§ Work instruction:
Retype exactly what appears below from the line containing "そのままだとポールも付ける場" down to the line containing "Terminez le flux", keeping both end lines. Do not include pictures.

§ Stored data:

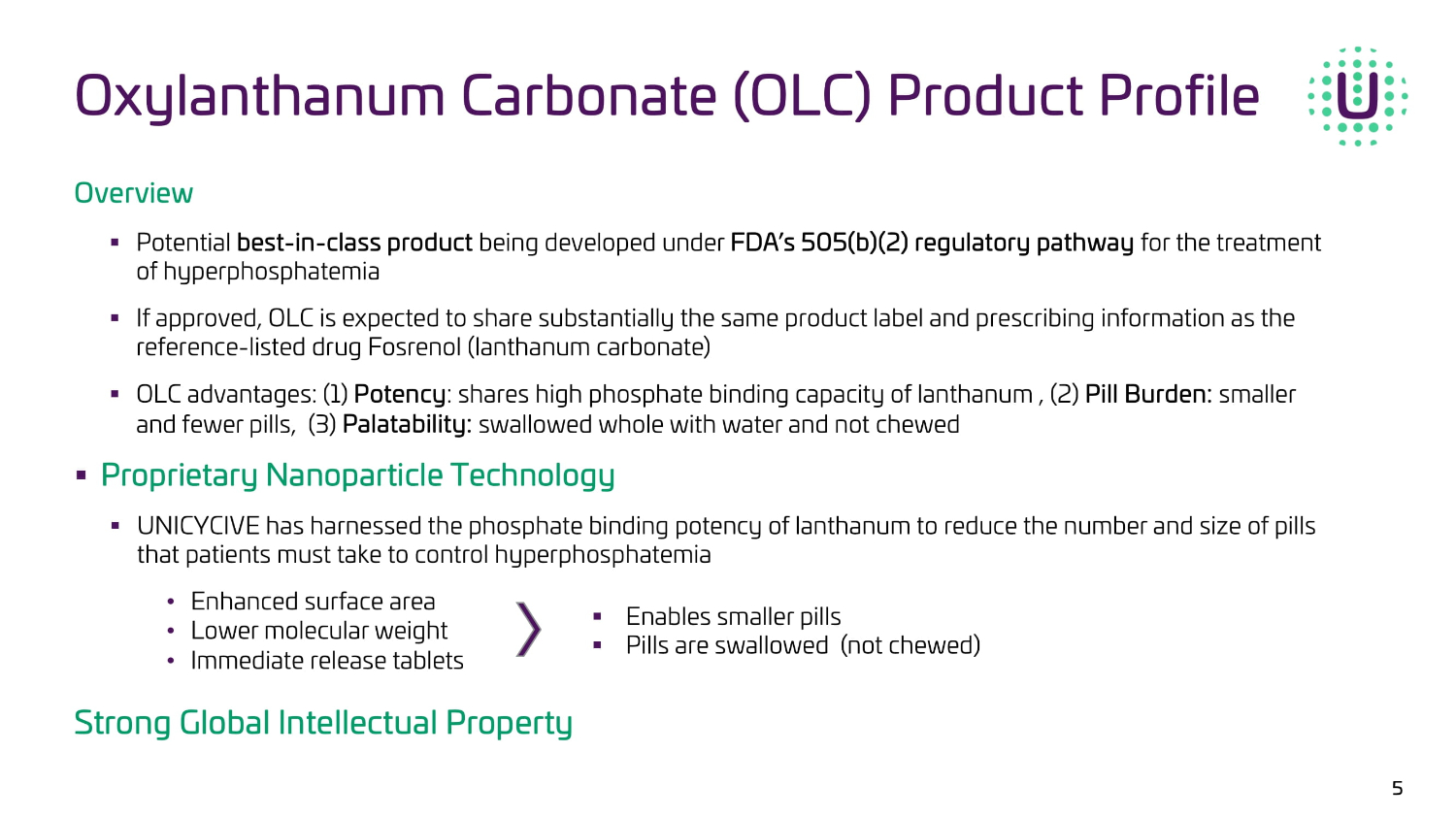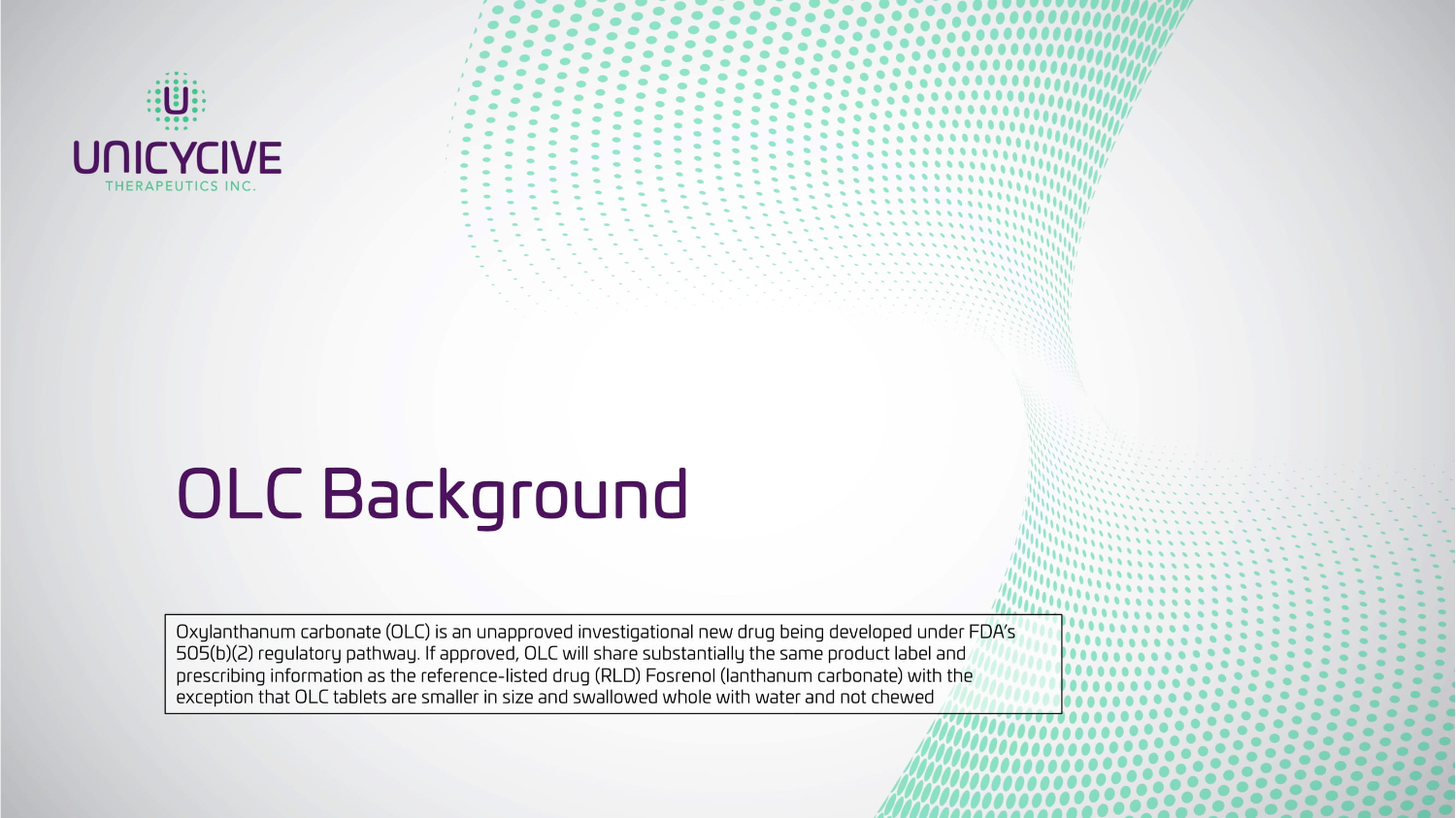Oxylanthanum carbonate (OLC) is an unapproved investigational new drug being developed under FDA’s 505(b)(2) regulatory pathway. If approved, OLC will share substantially the same product label and prescribing information as the reference - listed drug (RLD) Fosrenol (lanthanum carbonate) with the exception that OLC tablets are smaller in size and swallowed whole with water and not chewed OLC Background
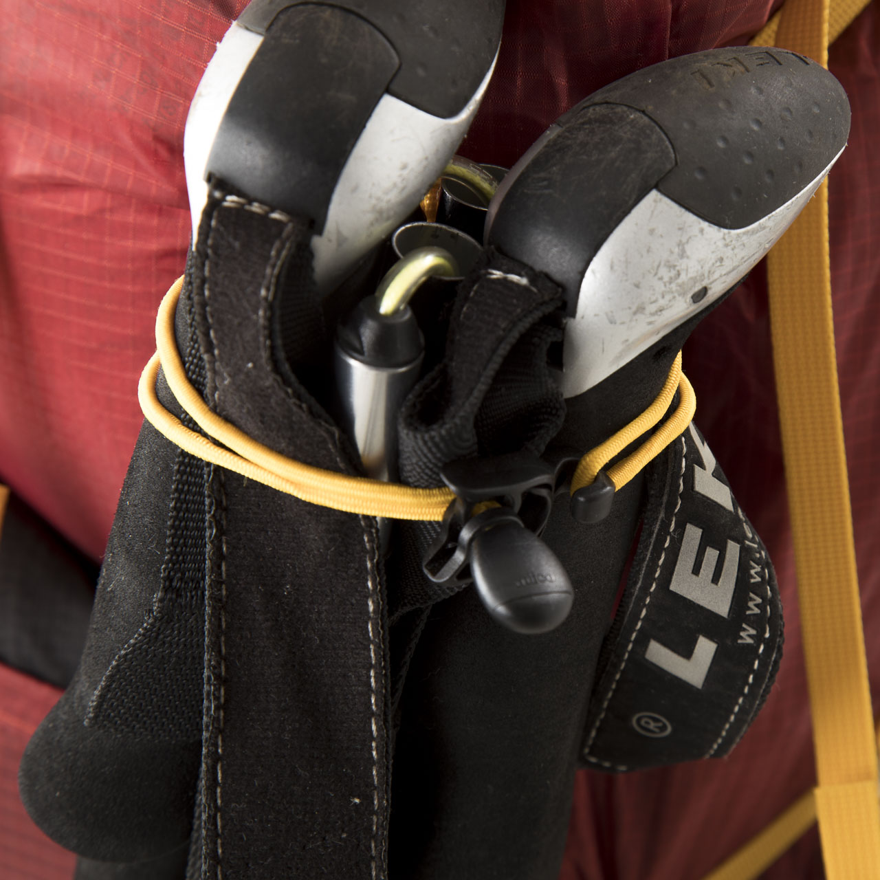 そのままだとポールも付ける場所がないのは残念ですが、デイジーチェーンのおかげで拡張性は高いので、自分でバンジーコードやボトルホルダーなどを取り付けカスタマイズすることで、理想のバックパックに近づけることができます。そういった意味で、ユーザーに強い目的意識と経験値を要求するバックパックであるように感じます。
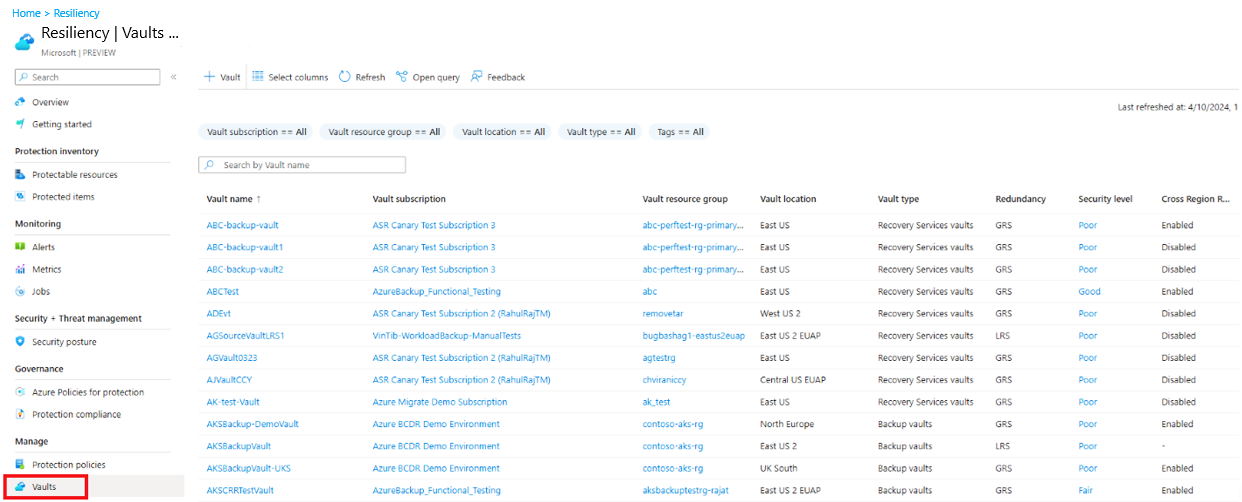 Terminez le flux de travail. Une fois le coffre créé, il apparaît dans la liste des coffres de la section Résilience . S’il n’apparaît pas, sélectionnez Actualiser.
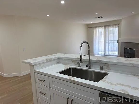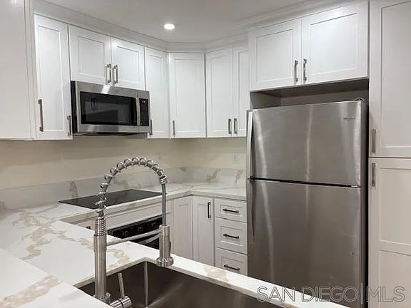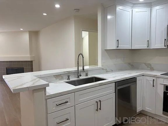 Stunning Remodeled Penthouse Condo with Vaulted Ceilings & Resort-Style Amenities. Just remodeled and move-in ready, this beautiful penthouse condo combines modern style with convenience and comfort. The sleek new kitchen opens to a spacious living room featuring vaulted ceilings, a cozy fireplace, and access to a private deck perfect for entertaining or relaxing. Enjoy newer appliances, all-new LVP flooring throughout, and recessed lighting that brightens every space. The large primary suite includes dual closets with custom built-ins and a luxurious bath with brand-new double-sink vanities. A full laundry closet adds extra convenience. The community offers exceptional amenities, including a fitness center, expansive pool, and recreation area. Two gated garage parking spaces plus guest parking make life easy. All this in a prime location just steps from shopping, dining, and the trolley, with everything San Diego has to offer only 20 minutes away!

§ Expected output:
 そのままだとポールも付ける場所がないのは残念ですが、デイジーチェーンのおかげで拡張性は高いので、自分でバンジーコードやボトルホルダーなどを取り付けカスタマイズすることで、理想のバックパックに近づけることができます。そういった意味で、ユーザーに強い目的意識と経験値を要求するバックパックであるように感じます。
 Terminez le flux de travail. Une fois le coffre créé, il apparaît dans la liste des coffres de la section Résilience . S’il n’apparaît pas, sélectionnez Actualiser.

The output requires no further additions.